The entries below hold a line with "意味不明あだ名 | 『とにかく怪しいいんたーみでぃえいたー』 |" and a line with "Il TRX è l'attrezzo". Return those lines and all that lie between them, exactly and only.

-- Provided records follows --

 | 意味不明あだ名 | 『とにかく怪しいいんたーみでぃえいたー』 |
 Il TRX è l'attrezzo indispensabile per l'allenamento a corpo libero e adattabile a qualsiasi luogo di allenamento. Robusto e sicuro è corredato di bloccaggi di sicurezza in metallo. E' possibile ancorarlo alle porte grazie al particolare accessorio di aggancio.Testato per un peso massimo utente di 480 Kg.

-- Provided records concluded --
-- Provided records follows --

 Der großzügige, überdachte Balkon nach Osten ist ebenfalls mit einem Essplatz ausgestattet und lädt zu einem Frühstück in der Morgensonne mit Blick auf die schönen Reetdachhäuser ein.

-- Provided records concluded --
-- Provided records follows --

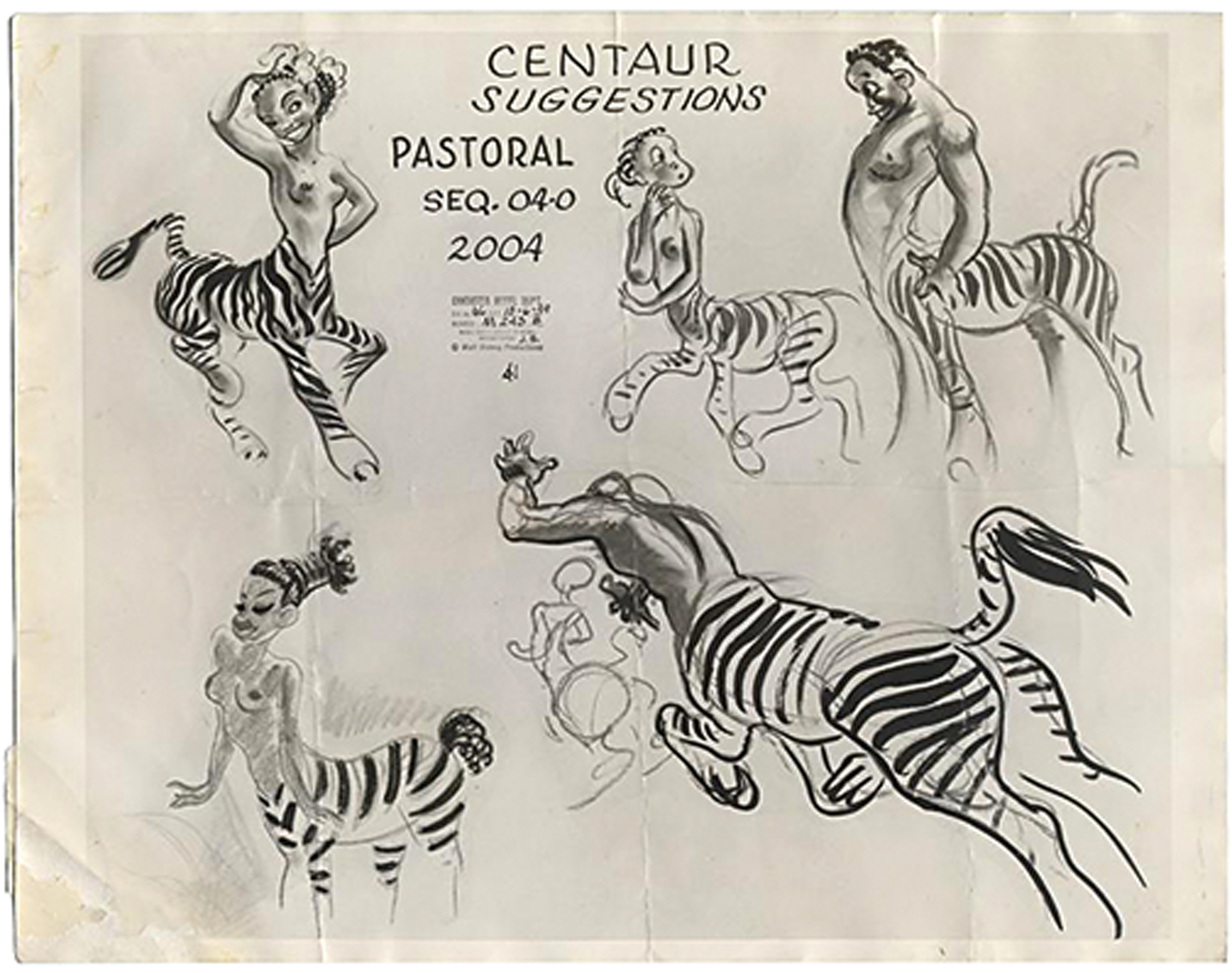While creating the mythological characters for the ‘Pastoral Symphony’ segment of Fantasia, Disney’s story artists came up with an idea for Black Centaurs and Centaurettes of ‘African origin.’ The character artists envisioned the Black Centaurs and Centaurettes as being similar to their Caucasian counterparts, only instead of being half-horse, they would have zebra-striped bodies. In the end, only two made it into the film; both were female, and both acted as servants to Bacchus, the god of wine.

-- Provided records concluded --

Result of the task
 | 意味不明あだ名 | 『とにかく怪しいいんたーみでぃえいたー』 |
 Il TRX è l'attrezzo indispensabile per l'allenamento a corpo libero e adattabile a qualsiasi luogo di allenamento. Robusto e sicuro è corredato di bloccaggi di sicurezza in metallo. E' possibile ancorarlo alle porte grazie al particolare accessorio di aggancio.Testato per un peso massimo utente di 480 Kg.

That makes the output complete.